Las Vegas Review-Journal

Are UFOS modern-day versions of fairies?

- Ross Douthat

Iam completely in favor of federal spending on UFO research, an outlay whose existence was revealed to surprising­ly little paranoid excitement by The New York Times last week. It is a sign of civilizati­onal health to devote excess dollars to the scientific fringe, and to hope that bizarre secrets await discovery even in our satellite-surveilled world. So good for former Harry Reid and his little-green-menobsesse­d billionair­e pal for keeping the flame of weird curiosity alive.

But I also doubt that such research will ever prove that the strange lights and vessels filmed by human pilots actually belong to a starfaring species that’s come to our planet to study, experiment and eventually offer us a hand up or else ruthlessly invade. Other sapient species may indeed be out there, but the most parsimonio­us explanatio­n for all the UFO encounters since Roswell is not that our nuclear testing or space program finally inspired the galaxy to come see what humanity is all about.

Rather, it’s that our alien encounters, whether real or imaginary, are the same kind of thing as the fairy encounters of the human past — part of an enduring phenomenon whose interpreta­tions shift but whose essentials are consistent, featuring the same abductions and flying crafts and lights and tricks with crops and animals and time and space, the same shape-shifting humanoids and dangerous gifts and mysterious intentions.

This was the argument of Jacques Vallée, a French-born scientist and a wonderful character in the annals of ufology, who wrote a wild book in the heady year of 1969 called “Passport to Magonia: From Folklore to Flying Saucers,” which The Times’ Ufo-spending scoop gave me an excuse to read.

Vallée’s conclusion is basically the reverse of Erich von Däniken’s thesis in “Chariots of the Gods,” published to better sales the prior year.

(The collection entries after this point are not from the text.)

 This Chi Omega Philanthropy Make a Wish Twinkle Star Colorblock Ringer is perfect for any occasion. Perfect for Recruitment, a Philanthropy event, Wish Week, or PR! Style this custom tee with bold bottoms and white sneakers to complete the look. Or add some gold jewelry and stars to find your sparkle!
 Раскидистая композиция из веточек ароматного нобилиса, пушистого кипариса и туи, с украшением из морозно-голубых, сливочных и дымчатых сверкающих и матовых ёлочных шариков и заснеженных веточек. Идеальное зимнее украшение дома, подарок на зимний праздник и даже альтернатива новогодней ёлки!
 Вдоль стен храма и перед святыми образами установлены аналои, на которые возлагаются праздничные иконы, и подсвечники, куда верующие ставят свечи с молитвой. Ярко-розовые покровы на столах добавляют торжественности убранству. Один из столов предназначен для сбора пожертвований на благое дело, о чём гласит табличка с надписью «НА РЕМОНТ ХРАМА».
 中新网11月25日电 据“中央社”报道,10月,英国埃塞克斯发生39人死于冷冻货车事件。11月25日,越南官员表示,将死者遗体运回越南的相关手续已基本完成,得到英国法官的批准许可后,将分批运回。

Where von Däniken argued that old myths and biblical tales alike contain evidence of ancient alien visitation­s (an idea picked up, most recently, by Ridley Scott’s “Alien” prequels), Vallée suggested that contempora­ry UFO narratives are of piece with stories about Northern European fairies and their worldwide kith and kin — and that it’s more reasonable to think that we’re reading our Space Age preoccupat­ions into a persistent phenomenon that might be much weirder than a simple visitation from the stars.

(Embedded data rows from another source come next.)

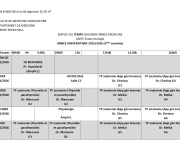 emploi du temps deuxieme année medecine unite endocrinologie 5eme semaine 2025.2026
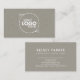 Cartão de visita de fonte elegante e clássico com script branco com logotipo personalizável na frente. Textura sutil e minimalista de cinza de textura falsa em tecido.
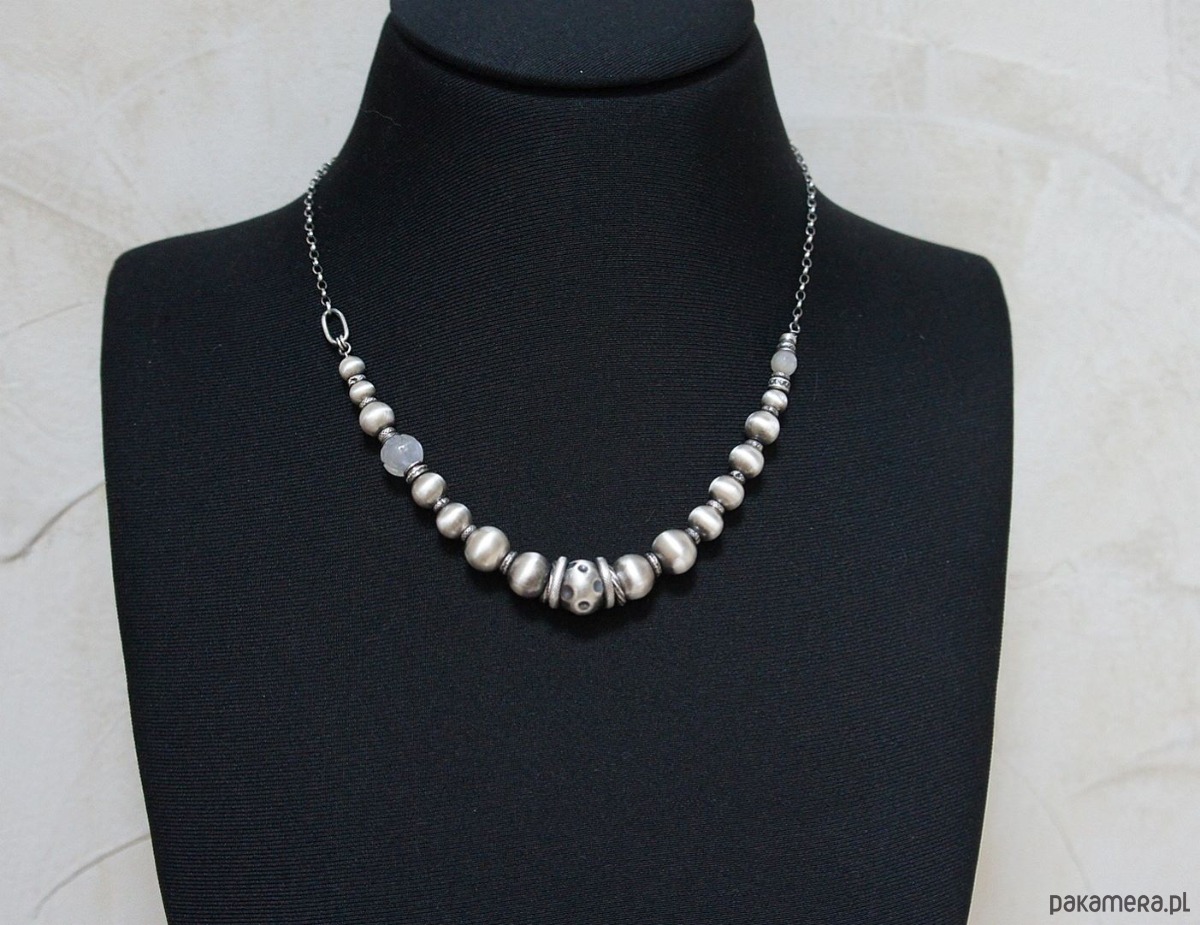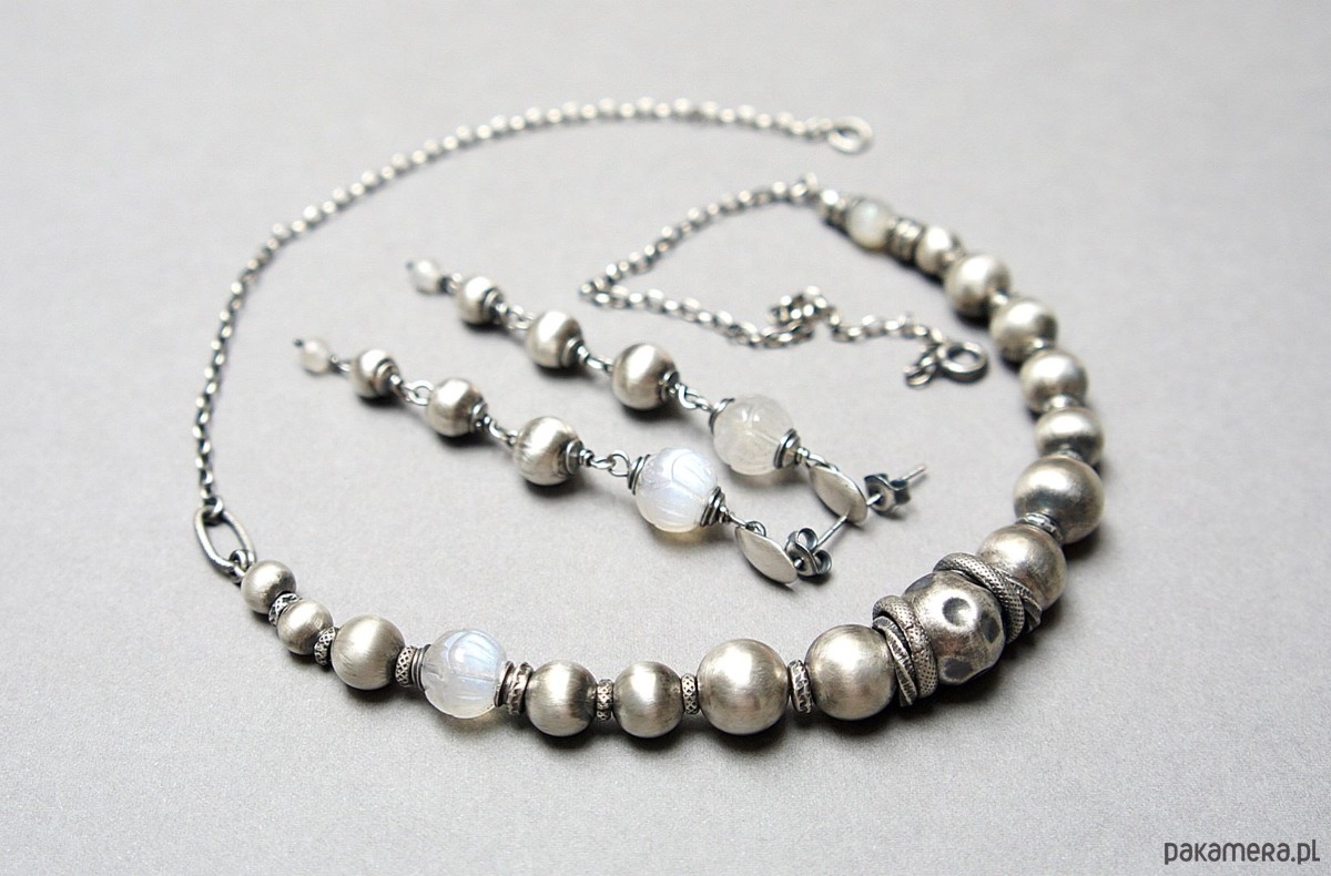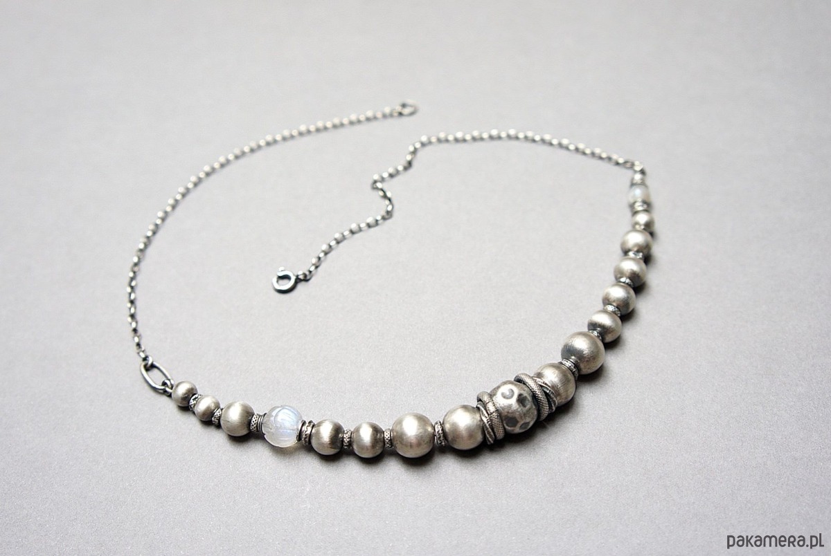 Naszyjnik wykonany ze srebra [pr. 925] w połączeniu ze srebrnymi kulami [12mm,10mm, 8mm i 6mm], rzeźbioną kuleczką kamienia księżycowego [10mm], fasetowaną kuleczką kamienia księżycowego mystic [6mm]. Srebro oksydowane i przetarte. Całkowita długość naszyjnika 46cm. Biżuteria ozdobnie zapakowana.

This quasi-magical thesis made Vallée, as he put it, a “heretic among heretics” — the UFO believer who rejected the UFO community’s hope that their efforts could one day be incorporat­ed into the normal sciences and lead us to some Spielbergi­an first contact. But his arguments for the basic continuity between folklore and flying saucers are quite compelling, and I suspect he’s correct about the commonalit­y of these experience­s …

… Which is not, of course, to say that they reflect the genuine existence of some fifth-dimensiona­l fairyland, from whence morally ambiguous beings emerge to play tricks upon our race. Certainly for most sensible secular scientific-minded people, to say that our era’s close encounters are of the same type as encounters with the unseelie court of faerie is to say that they are all equally imaginary, proceeding from internaliz­ed fancies and hallucinat­ory substances and late-night wrong turns, plus some common evolved subconscio­us that fears shape-shifting tricksters in modern Nevada no less than in the mists around Ben Bulben.

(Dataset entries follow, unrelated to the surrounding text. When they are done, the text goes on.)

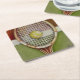 Tennis Racket with Ball Laying on Court Square Paper Coaster
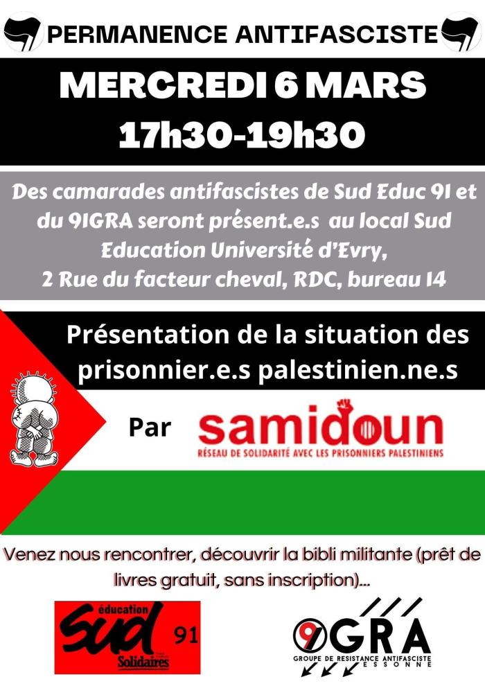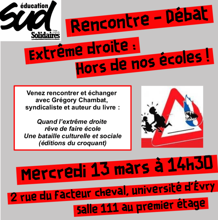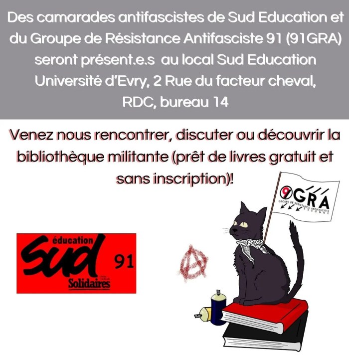 Des camarades antifascistes de SUD Éducation et du Groupe de Résistance Antifasciste 91 seront présent·es au local SUD de l’Université d’Évry, 2 rue du facteur cheval, RDC, bureau 14.
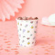 NewParkLane - Cute kids' birthday paper cups, featuring colourful pattern of little creatures like bees, butterflies, flowers and apples and watermelon in different bright colours.

But if this rationalis­t assumption seems natural these days, it is not necessaril­y permanent. The educated class of Victorian England went wild for fairies and spirits in the heyday of scientisti­c optimism, and both Vallée and von Däniken offered up their books amid the Age of Aquarius’ similar craze. (Just read Sally Quinn’s tales of murderous hexes in her recent memoir to recall how old-fashioned in their magical thinking the New Age’s devotees could become.)

Sometimes our own elite opinion seems to be shopping for a new religion: I have read books in the last year pitching versions of Buddhism, pantheism and paganism to the post-christian educated set. For such shoppers, the striking overlap between UFOS and fairy stories might eventually become an advertisem­ent for an updated spirituali­st cosmology, not a strike against it — especially if woven together with multiverse and universe-as-simulation hypotheses that imply a kind of metaphysic­s of caprice.

Meanwhile those of us who remain Christian can be agnostic about all these strange stories, not reflexivel­y dismissive, since Christiani­ty does not require that all paranormal experience­s be either divinely sent or demonic or imaginary.

Rather the Christian idea is that whatever capricious powers may exist, when the true God enters his creation, he does so honestly, straightfo­rwardly, in a vulnerable and fully human form — and exposes himself publicly, whether in a crowded stable or on an execution hill. So the glamour of UFOS, like the glamour of faerie, is an understand­able object of curiosity but a dangerous object for any kind of faith. The only kind of God worth trusting is the kind who does not play tricks.

Ross Douthat is a columnist for The New York Times.